第7話 多比良マホ、参戦する

 放課後、私はまたもや裏門を使うことになった。

 柊ハルキはどうしても私に話したいことがあるらしい。自分が問い詰めたからだということは、すっかり頭の中から飛んでいた。

 あの3人の恨みを買ったら、余計に面倒なことになりそうだ。金も地位もあるヤツは覚悟なしに敵に回しちゃいけない。予定が狂うのは嫌だけど、部活見学は明日にしよう。


「ちょっと待ってて。いつも一緒に帰ってる子に言ってくるから」

「俺が言おうか?」


 過保護なママのようなことを言い出した柊ハルキには答えず、帰り支度を始めた皆の間を縫って最前列の席に向かう。マホはふくれっ面で席に座っていた。

 ……あ、なんか面倒くさそうな気配がここにも。


「やっと来た」


 私を見あげてそう言ったマホに「ごめん、今日も裏門から帰るね。柊くんたちが話があるんだって」と耳打ちする。彼女は盛大に顔をしかめ、椅子を蹴倒しそうな勢いで立ち上がった。それから私の腕を掴み、教室の隅に連れて行く。

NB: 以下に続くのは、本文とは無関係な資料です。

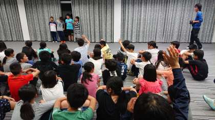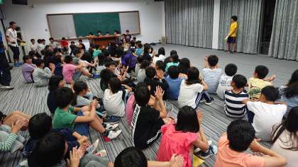 担当のお笑い係の子たちは、この日のために放課後残って練習を重ねてきました。4部構成のお笑いネタには、コントあり、歌あり、アドリブあり、会場は笑いと笑顔でいっぱいになりました。ステレオゲームは、出された問題をみんなが楽しく考えることができました。とても楽しいひと時になりました。

「なんなの!? 一体どうしたのよ! お昼も勝手に行くし、休み時間もクソ野郎たちが取り囲んでて近づけないし、どんな弱み握られたわけ!?」


 マホは私の腕を掴んだまま、低い声で詰問してきた。声量は抑えてるけど、勢いは全く殺せていない。


「マ、マホこそどうしたの。なんで怒ってんの」


 あまりの剣幕にどもってしまう。

 マホは悔しげに歯を食いしばり「あんたこそ何言ってんの。今までずっとつるんできたのに、男が出来そうになったら友達なんかいらないって?」と奥歯の隙間から掠れた声を押し出した。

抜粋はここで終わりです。